(Stored items from a collection)
▬▬▬▬▬▬▬▬▬▬

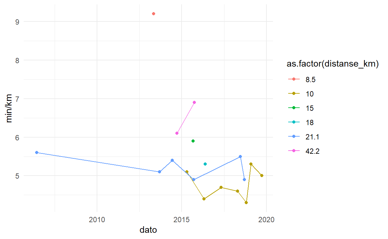 geom_line(aes(x = dato, y = `min/km`, colour = as.factor(distanse_km)))
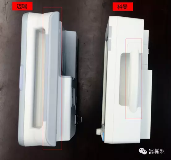 科曼與邁瑞因機(jī)身尺寸上有區(qū)別,所以手柄方面,科曼明顯比邁瑞要小。科曼采用大弧度,呈現(xiàn)橢圓截面的設(shè)計(jì);邁瑞采用方形小圓角,折疊活動式的提手,塑膠包裹。手柄嬌小,不利于握持,但重心集中,更穩(wěn)定;手柄碩大,活動范圍廣,卻也容易晃動。
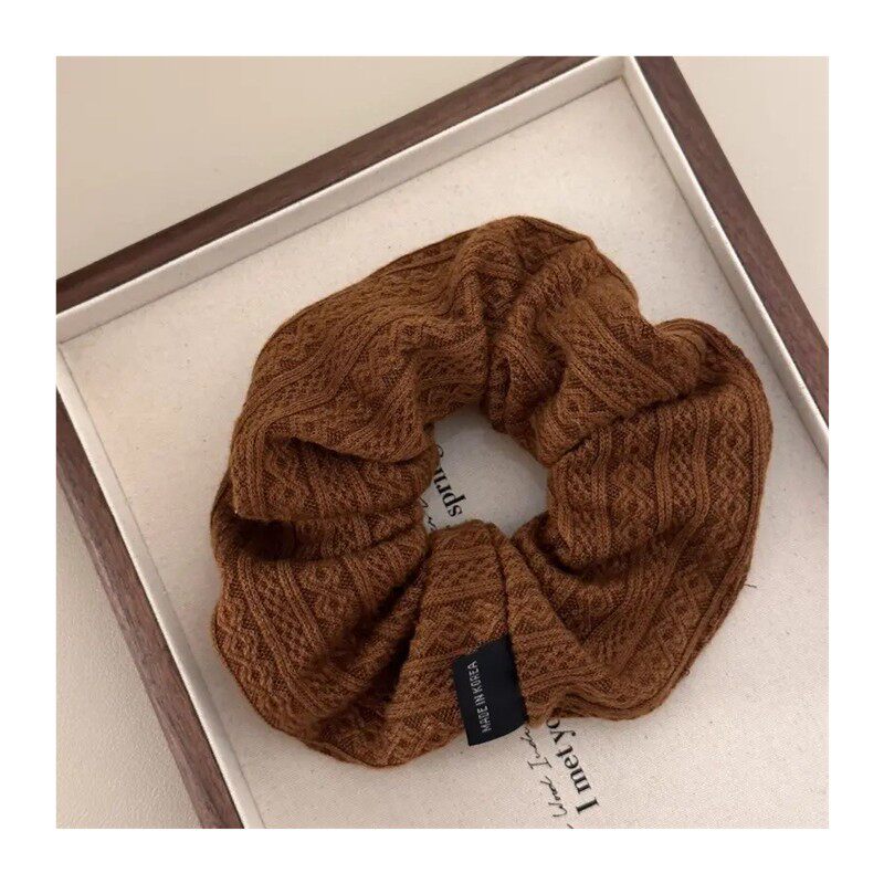 秋冬奶咖色布艺复古花纹大肠发圈女高马尾头花发绳皮套头绳发饰
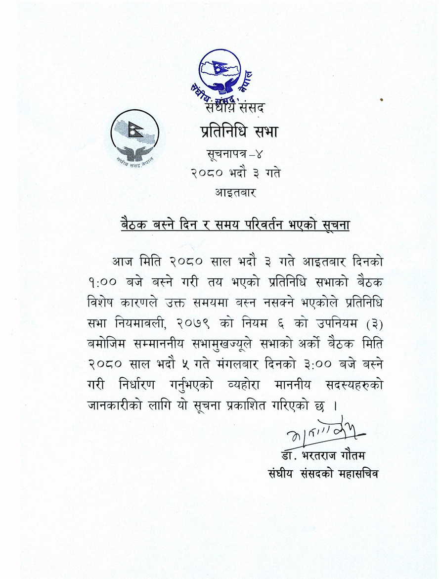 काठमाडौं, ०३ भदौ । आइतबार बोलाइएको प्रतिनिधिसभाको बैठक बस्दै नबसी स्थगित भएको छ ।
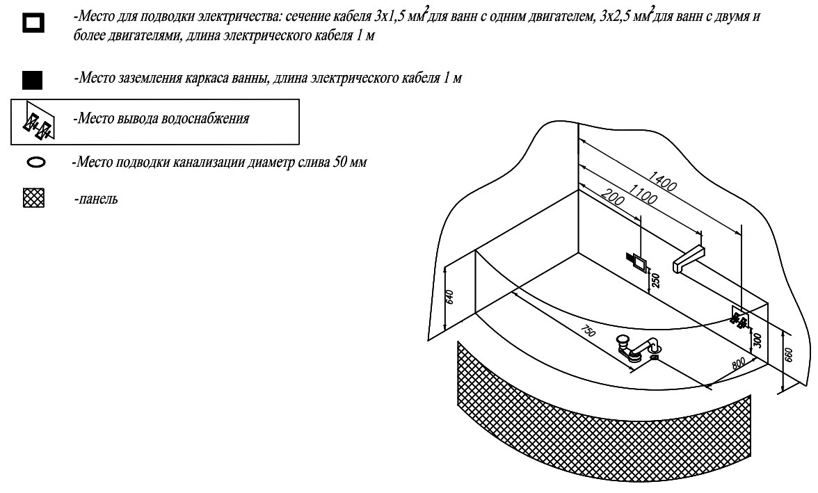 Ванна изготовлена из высококачественного акрила Lucite с толщиной листа не менее 4 мм, имеет безупречный внешний вид и долгий срок службы.
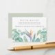 Anuncie sua nova casa tropical vivendo com nossos anúncios personalizados e personalizados de praia em movimento! Estas novas placas de endereço de tamanho cartão de visita apresentam lindas paisagens aquáticas e folhas tropicais. Perfeito por deixar amigos e familiares saberem que se mudaram para sua nova casa na Flórida. A design mostra um verde exuberante com "Nós nos movemos" na tipografia moderna, tudo a partir da minha arte original pintada à mão. Personalize com seu novo endereço e nomes usando os campos de modelo. Esta mudança de endereço é uma boa forma, mas sofisticada de compartilhar sua nova casa doce da Flórida. Ideal para casas na Flórida, Costa Rica, ou qualquer local tropical. Projetado por Victoria. Saiba mais em www.zazzle.com/vginvites.
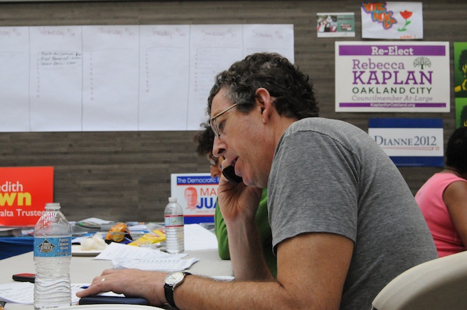 - Mike Napolitano, 50, of Oakland, calls potential voters on a recent day in late October, from Rebecca Kaplan’s campaign offices on 14th and Franklin Streets downtown Oakland, to urge them to re-elect Kaplan on November 6.
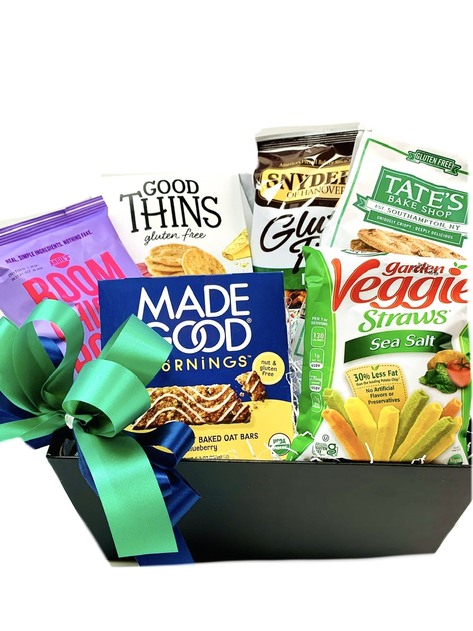 Inside a reusable container are gluten free Tate's Chocolate Chip Cookies, Angie’s Boom Chick Kettle Popcorn, Made Good Blueberry Bars (5), Good Thins Parmesan & Garlic Crackers, Seasoned Pretzels and Garden Veggie Sea Salt Straws.
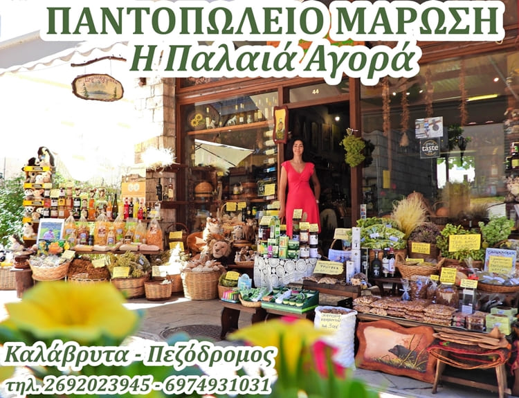 Στο κεντρικό πεζόδρομο των Καλαβρύτων θα βρείτε το παντοπωλείο Μαρώση – “Η παλαιά Αγορά”

▬▬▬▬▬▬▬▬▬▬

What is required: A clean copy is needed of the lines above from the one with "काठमाडौं, ०३ भदौ" up to and including the one with "Ванна изготовлена из". Please set it down exactly, with no pictures.

Output for this exercise:
 काठमाडौं, ०३ भदौ । आइतबार बोलाइएको प्रतिनिधिसभाको बैठक बस्दै नबसी स्थगित भएको छ ।
 Ванна изготовлена из высококачественного акрила Lucite с толщиной листа не менее 4 мм, имеет безупречный внешний вид и долгий срок службы.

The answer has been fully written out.